While fires are typically wood-fuelled, tar barrels or tarred wheels hoisted on poles are also burned.

Singing
Singing Līgo songs or Jāņi songs is associated with the promotion of fertility, acquisition of good fortune and prevention of calamity. Historically, the singing of Līgo songs began two weeks before Jāņi, reached its highest point on Jāņi Eve and lasted until Peter or Māras Day (15 August)—a period of around a month. After that, the singing of Līgo songs ceased until the next year. Singing Ligo songs on Jāņi night begins after dinner and continues throughout the night until the rising of the sun, either during jumping over Fire of Jāņi, or while going from houses to houses. Singing visits on Jāņi were called aplīgošana, servants visited their masters, maidens visited young men and vice versa.

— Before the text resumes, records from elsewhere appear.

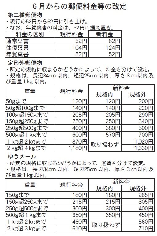 郵便料金の改定は1994年以来となる。改定するのはハガキの第2種郵便物と、通常郵便物の第1種郵便物のうち定形外郵便物。ハガキは現状の52円から10円値上げし62円となる。また往復ハガキは104円から124円と20円の値上げ。年賀ハガキに関しては52円に据え置くとし、12月15日から翌年1月7日の間に差し出した通常ハガキで表面に「年賀」の文字を朱記したもの(私製のハガキ含む)を対象にする。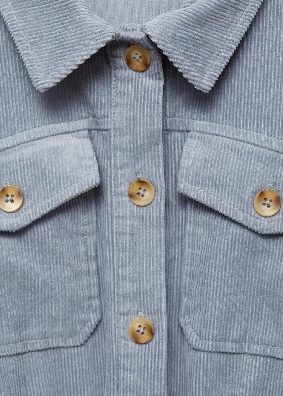 Kolekcja Powrót do szkoły. Koszulowy kołnierz. Sztruksowa tkanina. Model długi. Model prosty. Zapinane kieszenie z patkami. Zapięcie na guziki. Długi rękaw. Tkanina z bawełną. Dwie kieszenie boczne.
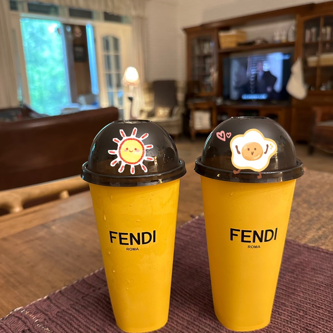 “抢到”两杯跟Fendi联名的喜茶。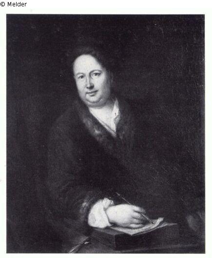 Painting with the half-figure of the court jeweller Johann Melchior Dinglinger at the drawing desk. On the drawing desk the inscription: "A. de Manyoki Nobil Hung: pinxit Berolini 1731".

On Jāņi Day people drink beer and eat cheese, believing that it will promote the growth of barley and production of cow milk in the next summer. Singing visitors from neighbouring houses are treated with cheese and beer.

Other traditions

Witches
There is a belief that on Jāņi morning, milk witches were running on dew and shouted: "Everything to me, everything to me!" If anyone heard it, they must respond with: "I butchered half of them!" Then there would be no shortage of milk. Witches are believed to have disguised themselves as normal women by dressing in white robes and letting their hair loose. Once disguised, it is believed that they would set spells or curses on the fields and livestock of their enemies.

Fern flowers
It was believed that whoever found a fern flower would gain wealth and happiness and learn the secrets of the past and future. "Whoever acquires the fern flower will be happy, because it can make anything they want to come true. The flower is hindered by evil spirits and only a brave person can get it". "On Jāņi Night, jump eight times around eight while on a broom handle, which is hoisted from a ground. During this time do not talk and do not laugh. Once you have done so, then hop on the broom shaft astride to the nearest fern patch, but only on your own, then you will see the blossoming of a fern flower".

History

John the Baptist Day celebration during the summer solstice time was known throughout the Christian world. Since 1584, Balthasar Russow wrote in his Chronicle of Livonia, that "All over the great land by Fire of Jāņi happened a great joyous dancing, singing and jumping". 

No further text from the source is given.